Тогда загремело глухо в облаках:
-- Не прыгай, Идас!
Но не слышит громового голоса Идас. Прыгнул он огромно-неистовый, на
Полидевка, опрокинул его и прижал плечами к земле. Еще грознее загрохотало в
небе.
Но не слышит и не видит Идас. Перед глазами у него Линкей, пронзенный
каменным зубом. Сжал Идас тело Полидевка руками-удавами, навалил его на себя
и хотел было бросить его близ камня в расщелину, где земля вдруг открыла
свои недра.
Поднял Идас голову к небу. В руках у него тело исполина. Видит --
нависают над ним черные космы козьей шкуры, эгиды Зевса, со страшным ликом
чудища посередине. А над ликом грозовые глаза в ослепительном сиянии гнева.
И огненные ресницы вокруг глаз.
Только раз увидишь ты такие глаза. И в глаза самому владыке мира,
Зевсу, крикнул неистовый Идас:
-- Не страшусь я тебя, Небодержец! Я поднял прикованный тобою камень. И
я, Идас, бессмертен, как ты. Выйду я и с тобою на битву. Не страшусь я твоих
огненных ос. Где Линкей, брат мой солнечноокий?
Стих мир. И ударило с неба огнем в землю.
Страшен был удар перуна Зевса. Раскололся пополам могильный камень.
Выскользнуло тело Полидевка из могучих титановых рук, и упал на обломки
камня Идас.
Тогда спросил громовый голос в небе:
-- Что же ты корчишься, неистовый Идас! Где твое бессмертие титана?
Вновь сверкнул огненный трезубец, и вновь спросил голос в небе:
-- Слышишь меня, Идас? Ты -- как мед для моих огненных ос. Атлант был
горше.
В третий раз ударил Зевс с неба, и свергли копья молний тело Идаса в
раскрытые недра земли.
Не спрашивай, путник, в Мессении об Идасе.

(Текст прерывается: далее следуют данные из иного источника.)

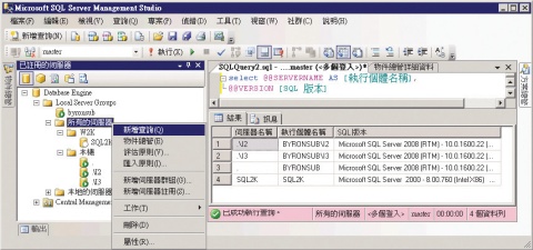 到了SQL Server 2008,鏡像資料庫加強了資料即時復原的功能,在具有鏡像資料庫及見證伺服器的架構下,當SQL Server2008發現資料表出現異常時,就會透過見證伺服器,將交易記錄轉移到鏡像資料庫上,即時自動修復資料表。在我們的實際觀察,資料表重建的時間非常短暫,當初次資料查詢語法回傳資料庫損毀的結果後,於第二次執行查詢指令時,伺服器就 透過組態伺服器建立伺服器群組,除了能針對特定資料庫集中管能夠將原本的資料即時回傳。文☉林郁翔 |

Не спрашивай, где лежит
могильный камень. Позабыто давно это место у моря.
Но, бывало, отхлынут в море волны пучины, где томилось пригвожденное к
каменному зубу тело титана Линкея, откроется оно взору, и вот откроет тогда
Линкей глаза и посмотрит в небо на нового Солнцебога. Метнет он яростно из
земных глаз в Аполлона лучи, проникающие сквозь камень и кость. Улыбнется
Аполлон, и в ответ пошлет Солнце-бог в глаза Линкея свои золотые небесные
стрелы. Ослепнет зоркоокий Линкей. И лежит он, ослепленный, устремив слепые
глаза на небесную дорогу, пока не вернутся обратно с моря один за другим
девять волн-валов и не покроют его свинцовой влагой, погуляв по морскому
простору.
СКАЗАНИЕ О ТИТАНЕ КЕНТАВРЕ ХИРОНЕ
ЧАСТЬ I. СКАЗАНИЕ О ТИТАНЕ КЕНТАВРЕ ХИРОНЕ-ВРАЧЕВАТЕЛЕ И ОБ АСКЛЕПИИ,
МАЛЬЧИКЕ-БОГЕ
Сказание о нимфе Харикло и об ослеплении ее сына Тиресия
У пещеры кентавра Хирона, на горе Пелион, умирала старая Харикло.

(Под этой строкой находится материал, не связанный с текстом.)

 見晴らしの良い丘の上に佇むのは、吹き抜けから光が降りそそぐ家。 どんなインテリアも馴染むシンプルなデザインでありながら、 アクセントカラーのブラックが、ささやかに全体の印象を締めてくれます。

Некогда была нимфой Харикло, дочь древнего титана Перса. И, как все
титаны, была титанида Харикло бессмертной и вечно юной. Но когда боги
Крониды низвергли древних титанов Уранидов в тартар, а других, непокорных
титанов изгнали на край земли, к Мировой реке-океану, приманила к себе дочь
Зевса Афина юную титаниду Харикло, и стала нимфа Харикло подругой небесной
богини.
Был у Харикло сын -- юноша Тиресий. И таким обладал он проницательным
взглядом, что любую добычу мог увидеть сквозь гущу листвы, в глубине речных
вод и на самой далекой горной тропе. Но случилось нежданное.
Как-то бродил Тиресий по заповедным местам Пелиона, и послышался ему
плеск и радостный смех, каким смеются счастливые боги.
"Верно, нимфы резвятся",-- подумал Тиресий и метнулся из лесной мглы
через заросли тамарисков и тернии прямо к светлому озеру, на золотой песок.
Это озеро было насквозь зеркальным, и кто к нему подходил, у того на
мгновение слетала с глаз пелена смертности и он мог видеть мир, каким его
видят бессмертные.
И увидел Тиресий: плещется перед ним в озере, по пояс в воде, богиня
Афина и рядом с нею мать Тиресия нимфа Харикло. Такой увидел богиню смертный
юноша Тиресий, какой видеть ее могли только боги.
Вскрикнула в гневе богиня. Согнуло от ее крика деревья над озером, и
дриады опрокинулись от испуга головой к воде. Над озером повисли их волосы.
Вышла богиня из воды. И вздохнуть не дала Тиресию, как уже стоит перед ним
во всей красоте своей, вся как есть, и грозно смотрит в глаза юноше.
Замер восхищенный Тиресий. Не встречал он еще на земле такой красоты и
мощи: не речная нимфа перед ним, не наяда гротов Пелиона -- верно, перед ним
небожительница. И готов он все отдать за мгновение, только бы видеть богиню.
Не упал он ниц перед нею, не закрыл своих смертных глаз, не взмолился к Чудо
деве Олимпа: "Пощади! Я не знал... Я случайно..." Стоит Тиресий перед Афиной
и смотрит глазами смертного юноши прямо в ее бессмертные глаза.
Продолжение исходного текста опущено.